_WHAT IS REQUIRED_
Exact reproduction of the data is required, with images excluded.

[[ SOURCE DATA open ]]

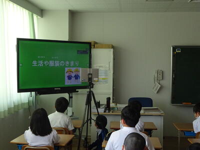 これまでオンラインでの始業式等を行っていましたが、初めてオンライン全校集会を行いました。今回は、学校生活についての確認を担当の先生方からお話をしてもらいました。内容は、①学校での1日のながれ ②生活や服装のきまり ③学習のはなし ④給食の時間の過ごし方 ⑤あそび場のルール ⑥きれいな学校にするために(そうじなどのしかた) ⑦タブレットの使い方 です。
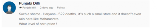 “太耻辱了!连哈里亚纳邦这么小的一个邦都有522死亡于此,这地方甚至不像马哈拉施特拉邦那样总下雨。腐败太严重了!”
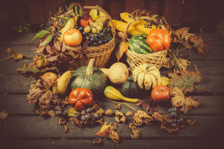 Autumn and Thanksgiving concept. Seasonal fruit and pumpkins in basket on wood background.
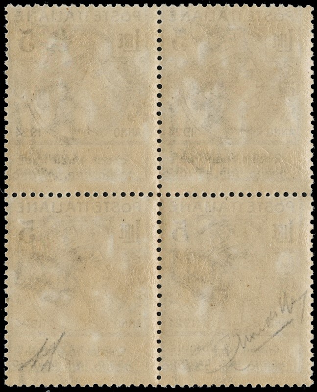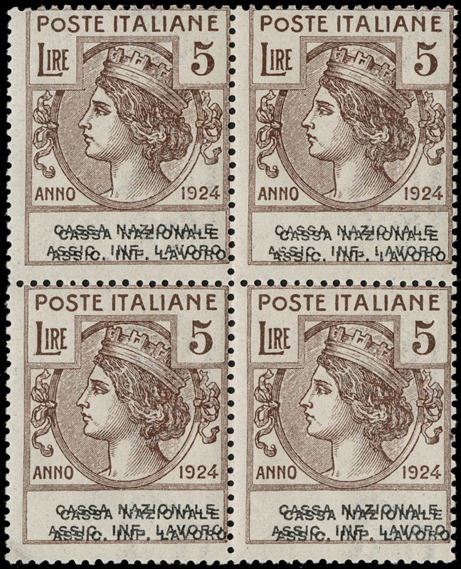 1924 - Enti Parastatali: 5L bruno scuro 'CASSA NAZIONALE ASSIC. INF. LAVORO' con doppia stampa della dicitura dell'Ente, BL4 (Sassone 23a - Euro 3.600+)
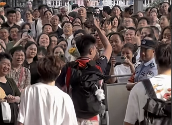 在高考第一天上午考完数学后,考生们纷纷走出考场,迎接他们的是父母家人的拥抱、加油打气,甚至还有鲜花。
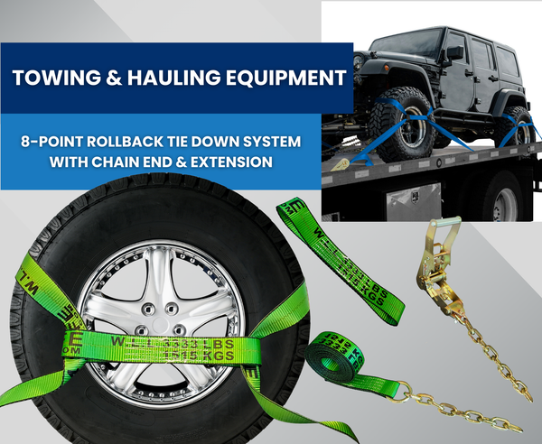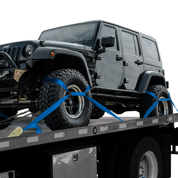 8 Point tie downs refer to a towing system that secures a vehicle at eight distinct points. This method provides optimal stabilityand security during transport, significantly reducing the risk of shifting or movement. By distributing tension evenly across multiple points, the 8-point system ensures your vehicle remains firmly in place, even over bumpy roads or uneven terrain.

[[ SOURCE DATA closed ]]

_REPLY_
 これまでオンラインでの始業式等を行っていましたが、初めてオンライン全校集会を行いました。今回は、学校生活についての確認を担当の先生方からお話をしてもらいました。内容は、①学校での1日のながれ ②生活や服装のきまり ③学習のはなし ④給食の時間の過ごし方 ⑤あそび場のルール ⑥きれいな学校にするために(そうじなどのしかた) ⑦タブレットの使い方 です。
 “太耻辱了!连哈里亚纳邦这么小的一个邦都有522死亡于此,这地方甚至不像马哈拉施特拉邦那样总下雨。腐败太严重了!”
 Autumn and Thanksgiving concept. Seasonal fruit and pumpkins in basket on wood background.
 1924 - Enti Parastatali: 5L bruno scuro 'CASSA NAZIONALE ASSIC. INF. LAVORO' con doppia stampa della dicitura dell'Ente, BL4 (Sassone 23a - Euro 3.600+)
 在高考第一天上午考完数学后,考生们纷纷走出考场,迎接他们的是父母家人的拥抱、加油打气,甚至还有鲜花。
 8 Point tie downs refer to a towing system that secures a vehicle at eight distinct points. This method provides optimal stabilityand security during transport, significantly reducing the risk of shifting or movement. By distributing tension evenly across multiple points, the 8-point system ensures your vehicle remains firmly in place, even over bumpy roads or uneven terrain.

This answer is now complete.